Edmund’s dining room looked splendid. The table had been laid with mathematical accuracy by Vesna, Sandon pattern china, wine and water glasses, finished with elegant silver cutlery and pressed linen napkins. Correct etiquette had been researched online, of course, Vesna had decided she liked real books, and copies of Mrs Beeton’s Household Management and various cookbooks were currently on their way from Amazon.

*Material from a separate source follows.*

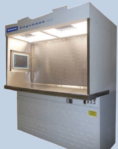
EdgeGARD® HF with PhocusRX®

She disapproved of Edmund’s cooking method, which seemed to rely on guessing at absolutely everything, and found the fact that what he served was always extremely good very disconcerting. He never mentioned to her that at one time, it had been a toss-up for him whether to go to Cambridge to read Law or train as a chef. Similarly, she never told him that she knew that was the case.

Anyway, for now, she was relegated to the roles of sous-chef, scullery maid and waitress, while watching everything Edmund did like a hawk.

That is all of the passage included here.